Chronic diseases have been noted to strain household incomes as families in Nigeria bear the burden of caring for loved ones ailing from non-communicable diseases. They further contribute to household poverty, as less income is channeled to investment, thereby stifling economic growth. This is compounded by the lack of social health insurance as well as lack of access to adequate health infrastructure, to care for those affected by non-communicable diseases (Chuma and Maina, 2012). Understanding factors associated with obesity is crucial for informing and developing effective prevention efforts, nutrition education and proper planning. The choice of a hospital setting is because of the chronic diseases that patients present which could be attributed to obesity.

• Justification of the Study
Obesity are risk factors for a variety of chronic conditions which lead to increased burden and mortality (WHO, 2003). In Nigeria and Africa in general, there is limited up-to-date data on prevalence of obesity as priority has always been on under nutrition. Studies that have been done have largely been concentrated in the capital and major cities while neglecting other urban settlements (Amegah, et al., 2011).

With recent statistics putting Nigeria’s urban growth rate at 21 percent, with nearly one out of every four Nigerians now living in urban areas (Barasa, 2007), there is need to address the issues that accompany such changes, lifestyle change being one of them. Failure to do so would mean that no action might be taken in the near future, thus the problem is likely to escalate. Tackling the problem in its early stages may lead to reduction in its occurrence thus reducing the costs eventually. This can only be achieved if data is available to quantify the magnitude of the problem, hence the need to carry out the study.

• The Aim of the Study
The study aimed at contributing towards improved understanding of obesity in rural Nigeria.

• The Purpose of the Study
The purpose of the study was to generate data on the prevalence of obesity in Rivers state, Nigeria. The information can be used to plan for interventions for prevention of obesity and overweight in rural Nigeria.

• Objectives of the Study
• General objective
To investigate the prevalence and associated factors of obesity among a rural population in Rivers state, Nigeria.

Specific objectives
• To determine the socio-demographic characteristics of adults in Obio Akpo community.

• To determine the prevalence and associated factors of obesity among adults in Obio Akpo community.

• To determine the food and meal consumption frequency of adults in Obio Akpo community.

• To determine the physical activity level of adults in Obio Akpo community.

• Study hypothesis
Obesity is associated with socio demographic characteristics, irregular food and meal consumption frequency and low physical activity levels.

1.8 Operational Definition of Terms
Adult Any person aged 18 years and above

BMI in this study BMI was computed by dividing an individual’s weight in kilograms by the square of his/her height in meters to identify obesity among study participants.

Obesity in this study obesity was considered as a condition in which the body is above a standard acceptable weight (BMI>29.9).

Overweight in this study overweight was considered a condition in which the body is above a standard acceptable weight (BMI>24.9).
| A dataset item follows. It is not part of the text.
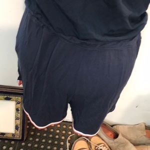 Tennis Shorts Romper with Pockets in Breathable Wickable Fabric Perforated on Back With Red and White Trim Button Neck Red Drawstring Waist
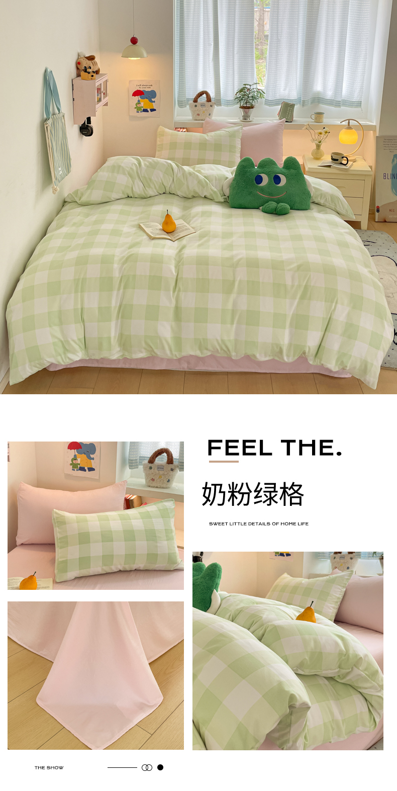 (总)雨帆 2025新款卡通水洗棉毛巾绣四件套,粉+蓝大格,粉格芝士,绿格芝士,芝士粉格

Rural in this study rural was used to refer to the study location which is outside the city but has areas that are densely populated and others that are sparsely populated.

Income in this study income referred to how much money the respondent receives from wages, salaries or other investments made.

Education in this study education was used to refer to the highest level of schooling the respondent has reached.